» **EXERCISE DESCRIPTION**
Exactly the lines below, starting with the one containing "詳細(xì)信息 KH-3011,KH-3012,Koino Φ30重負(fù)荷開關(guān)" and going on through the one containing "Oui , bien entendu", must be reproduced, both ends included, and no pictures with them.

[[ ENTRIES SUPPLIED open ]]

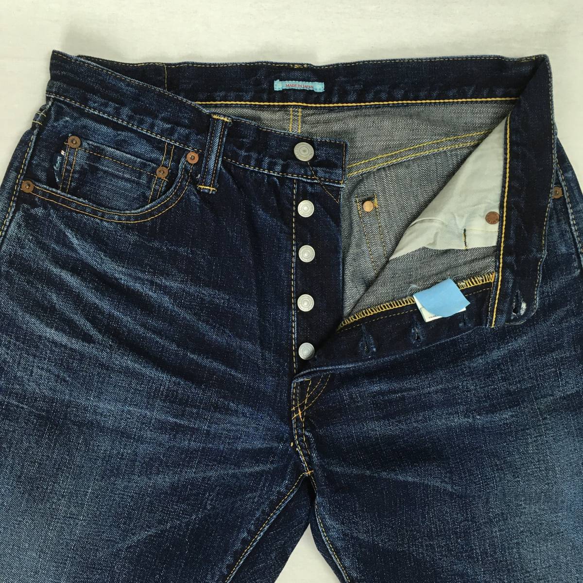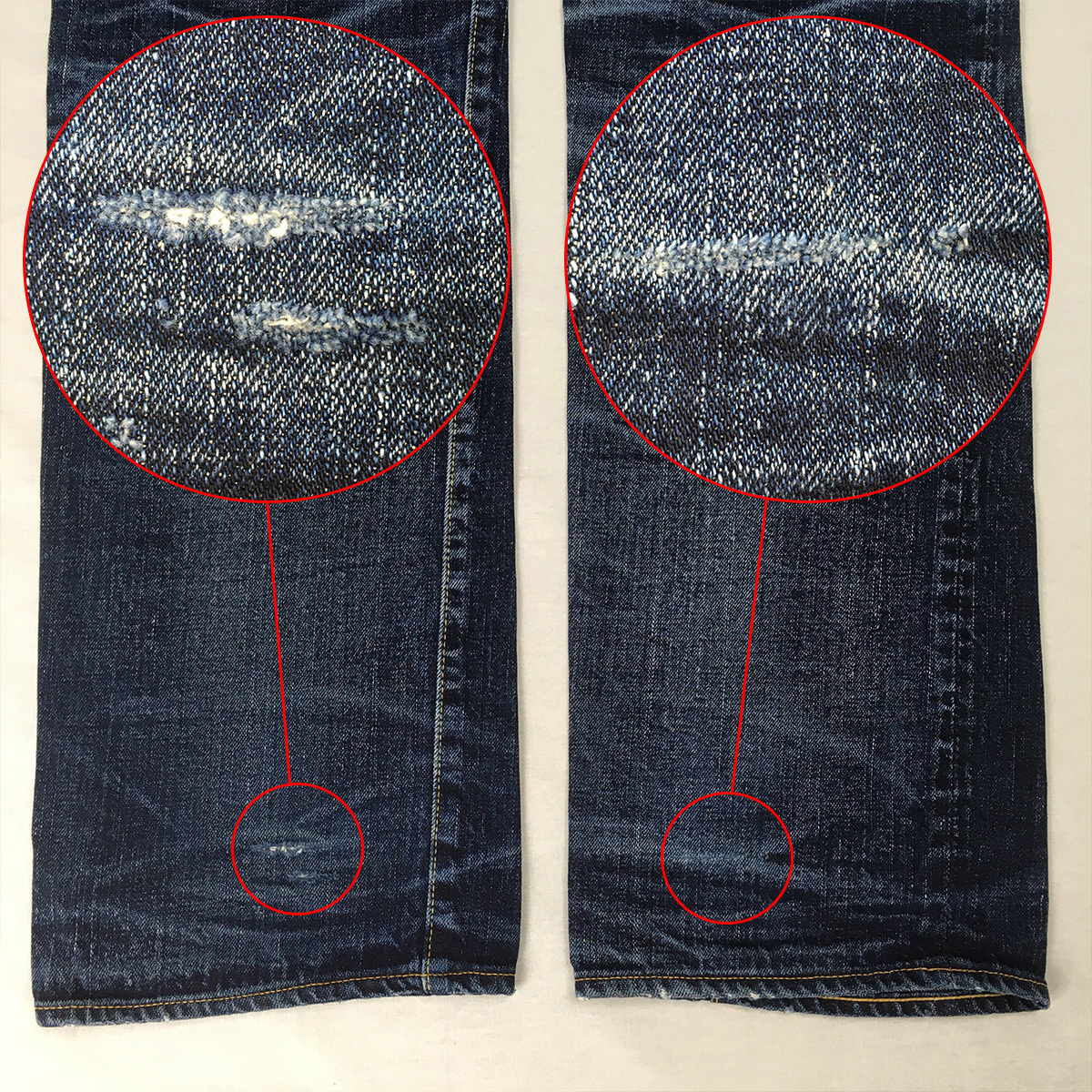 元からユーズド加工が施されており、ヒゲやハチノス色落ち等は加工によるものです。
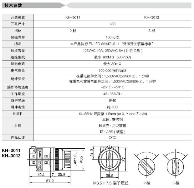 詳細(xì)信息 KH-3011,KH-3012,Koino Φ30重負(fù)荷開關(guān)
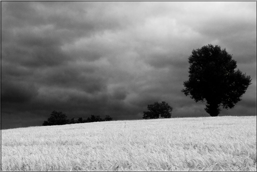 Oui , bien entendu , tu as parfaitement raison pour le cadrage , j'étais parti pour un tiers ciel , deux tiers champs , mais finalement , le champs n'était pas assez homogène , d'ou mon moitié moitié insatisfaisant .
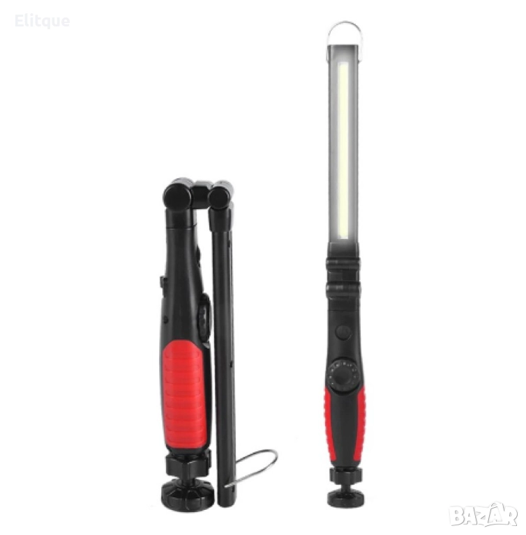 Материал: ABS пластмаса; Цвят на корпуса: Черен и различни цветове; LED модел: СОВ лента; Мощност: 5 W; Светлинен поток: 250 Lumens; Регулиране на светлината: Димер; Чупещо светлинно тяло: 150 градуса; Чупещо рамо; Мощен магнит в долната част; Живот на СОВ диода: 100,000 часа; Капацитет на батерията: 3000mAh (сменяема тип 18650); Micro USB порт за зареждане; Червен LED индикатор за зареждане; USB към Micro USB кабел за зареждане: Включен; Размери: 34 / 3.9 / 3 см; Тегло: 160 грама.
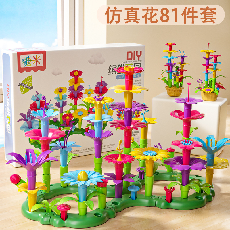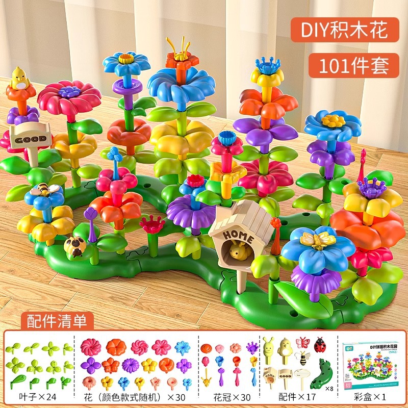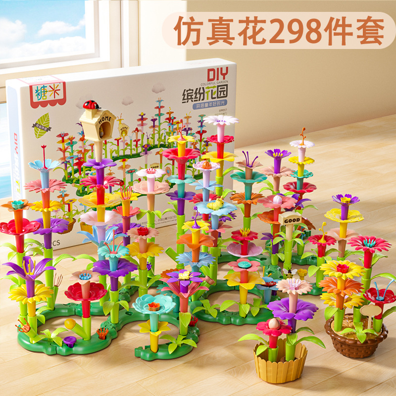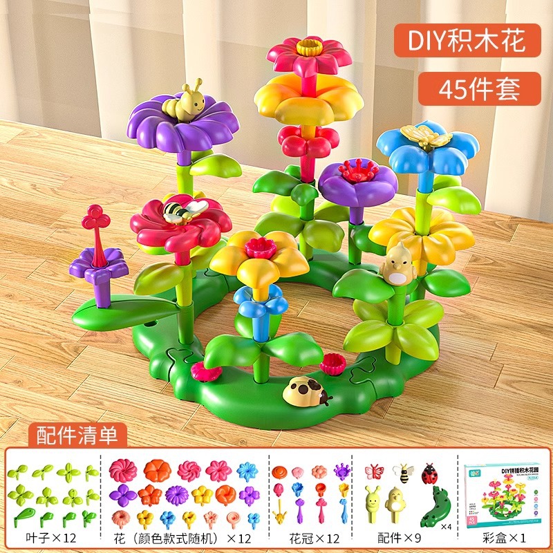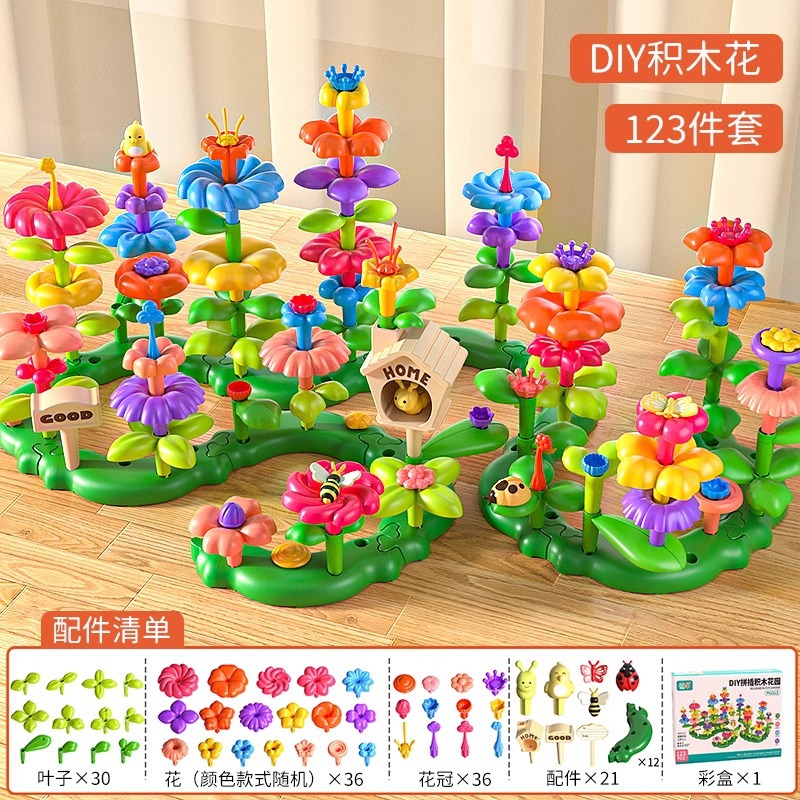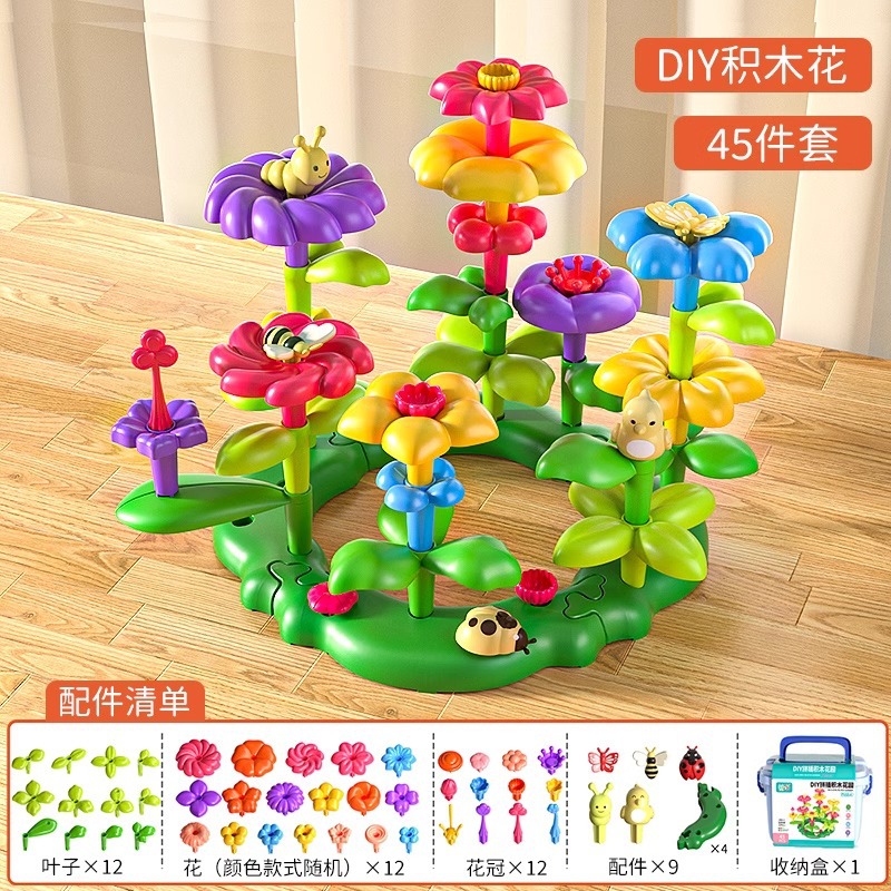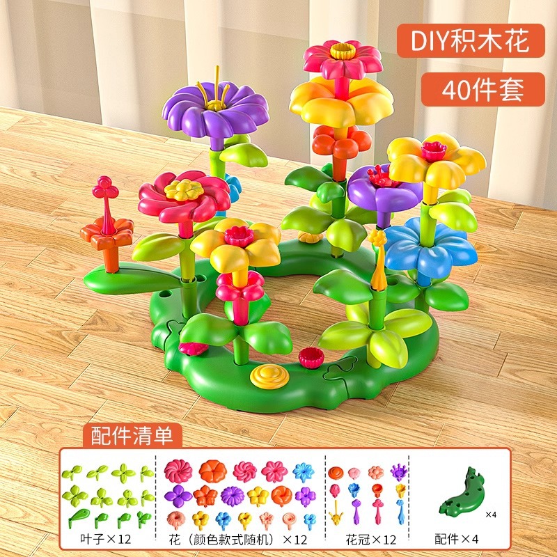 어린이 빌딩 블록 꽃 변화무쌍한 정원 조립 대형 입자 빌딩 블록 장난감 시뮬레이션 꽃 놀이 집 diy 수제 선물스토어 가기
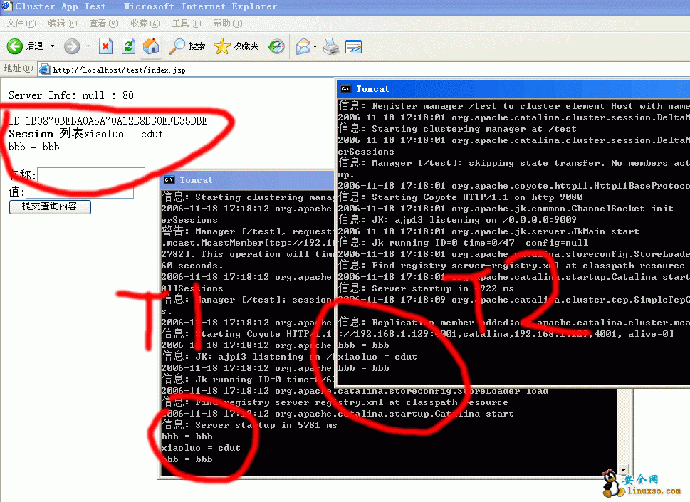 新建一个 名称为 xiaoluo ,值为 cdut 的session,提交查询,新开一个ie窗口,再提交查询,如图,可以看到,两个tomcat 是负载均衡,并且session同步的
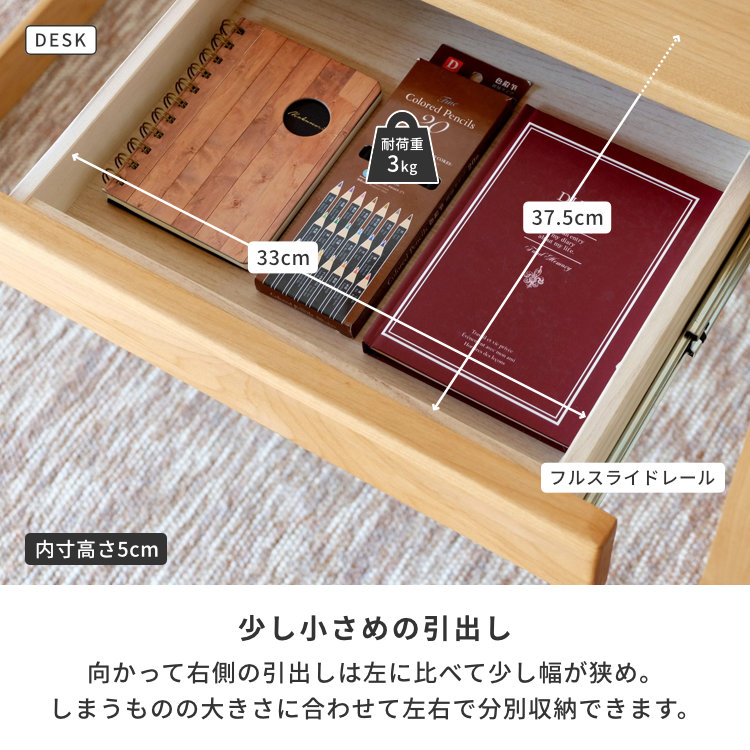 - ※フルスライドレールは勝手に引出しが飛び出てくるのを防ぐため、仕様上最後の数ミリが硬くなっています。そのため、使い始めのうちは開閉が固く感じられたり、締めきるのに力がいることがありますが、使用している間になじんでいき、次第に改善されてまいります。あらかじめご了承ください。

[[ ENTRIES SUPPLIED closed ]]

» **EXERCISE OUTPUT**
 詳細(xì)信息 KH-3011,KH-3012,Koino Φ30重負(fù)荷開關(guān)
 Oui , bien entendu , tu as parfaitement raison pour le cadrage , j'étais parti pour un tiers ciel , deux tiers champs , mais finalement , le champs n'était pas assez homogène , d'ou mon moitié moitié insatisfaisant .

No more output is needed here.